▶ [Your task]
Skip the pictures and return every entry exactly as written.

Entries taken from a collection
*** Block opens ***

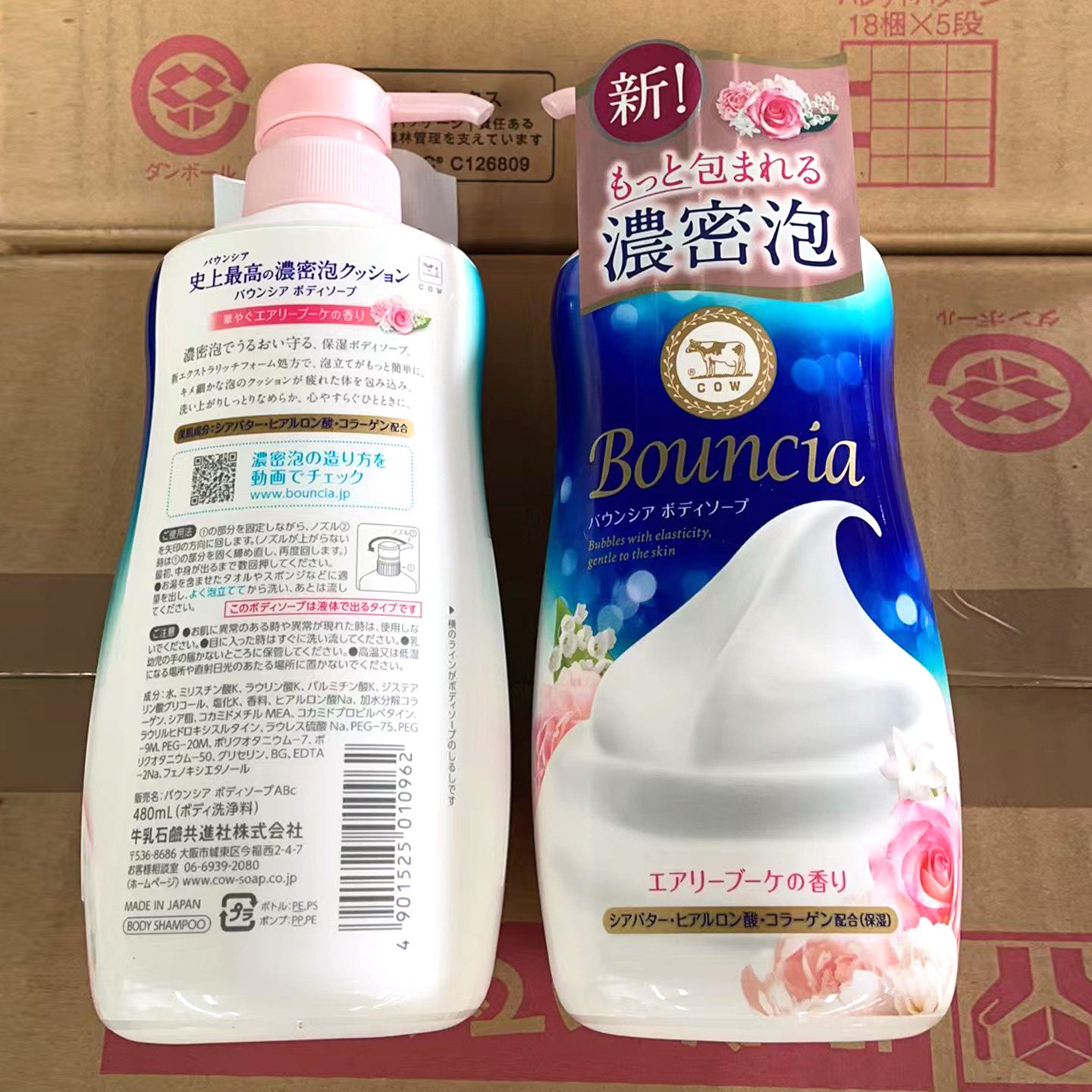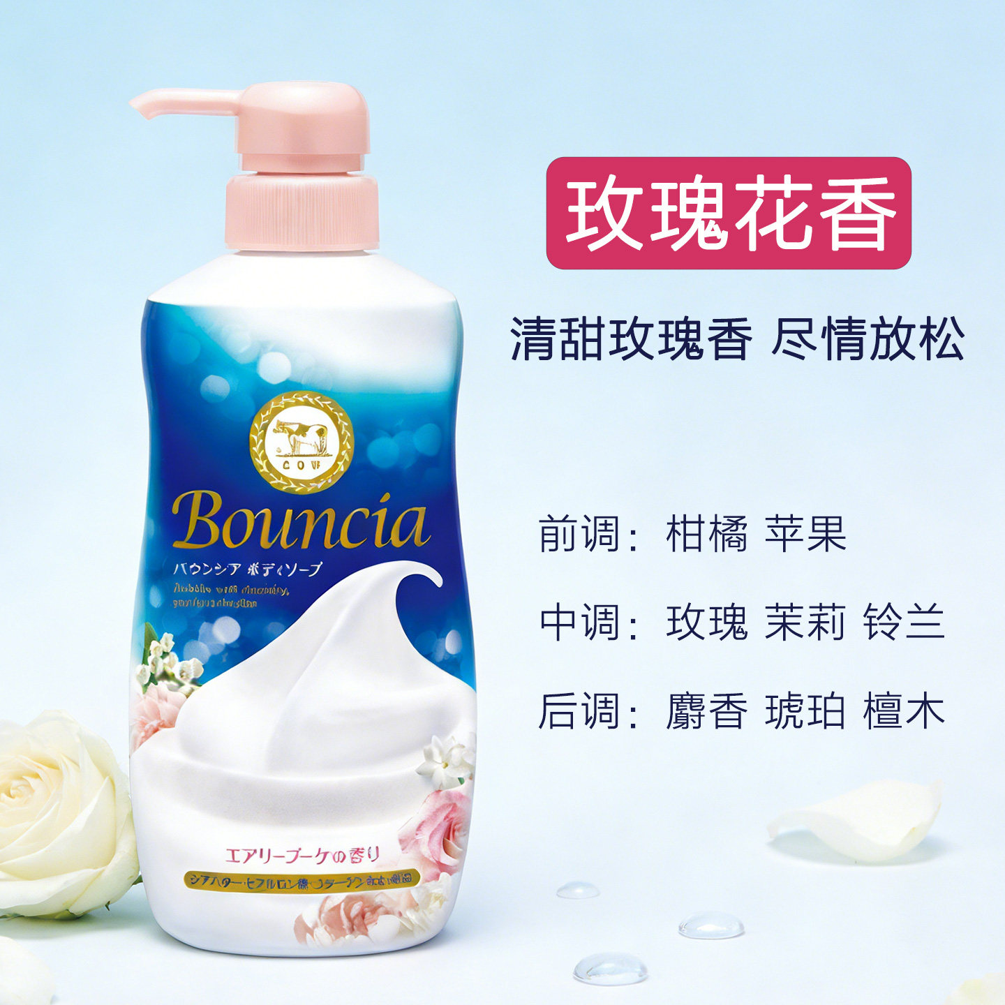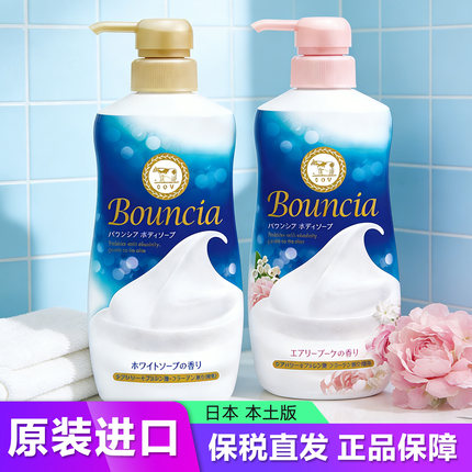 日本原装进口COW牛乳石碱沐浴露绵密泡沫牛奶玫瑰花香家庭480ml
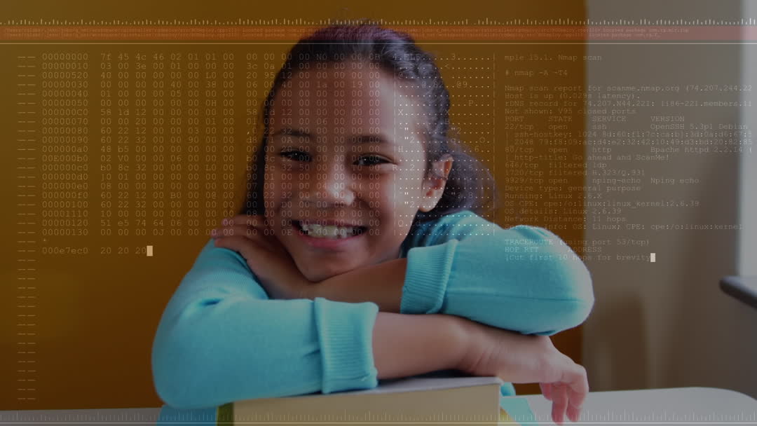 Young schoolgirl smiling and resting arms on stacked books. Ideal for educational materials, promoting literacy programs, or representing joyful learning environments in schools.
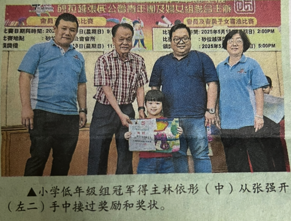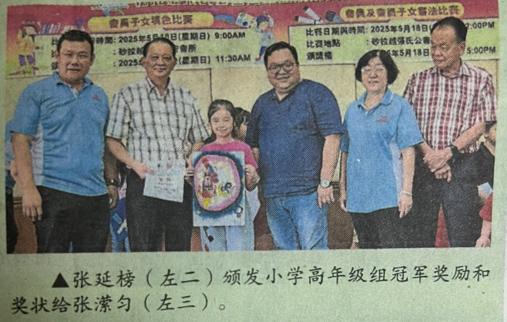 砂张氏联合总会青年团主催,砂张氏公会青年团及妇女组联办的会员子女填色比赛成绩出炉,分别由彭颂泽、林依彤和张潆匀获得幼儿组、小学低年级组及小学低年级组冠军奖。
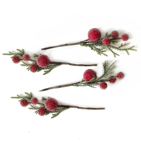 Szronione gałązki z jagodami czerwone 4szt - Dalprint dpCraft
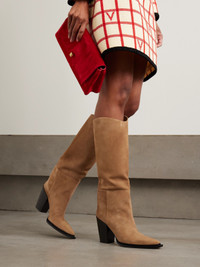 Jimmy Choo's 'Cece' boots take inspiration from equestrian styles with their slim shape and stacked heels. They've been crafted in Italy from butter-soft suede and are subtly debossed with the label's logo. Wear yours with a mini skirt or jeans.

*** Block closes ***

▶ [Completed task]
 日本原装进口COW牛乳石碱沐浴露绵密泡沫牛奶玫瑰花香家庭480ml
 Young schoolgirl smiling and resting arms on stacked books. Ideal for educational materials, promoting literacy programs, or representing joyful learning environments in schools.
 砂张氏联合总会青年团主催,砂张氏公会青年团及妇女组联办的会员子女填色比赛成绩出炉,分别由彭颂泽、林依彤和张潆匀获得幼儿组、小学低年级组及小学低年级组冠军奖。
 Szronione gałązki z jagodami czerwone 4szt - Dalprint dpCraft
 Jimmy Choo's 'Cece' boots take inspiration from equestrian styles with their slim shape and stacked heels. They've been crafted in Italy from butter-soft suede and are subtly debossed with the label's logo. Wear yours with a mini skirt or jeans.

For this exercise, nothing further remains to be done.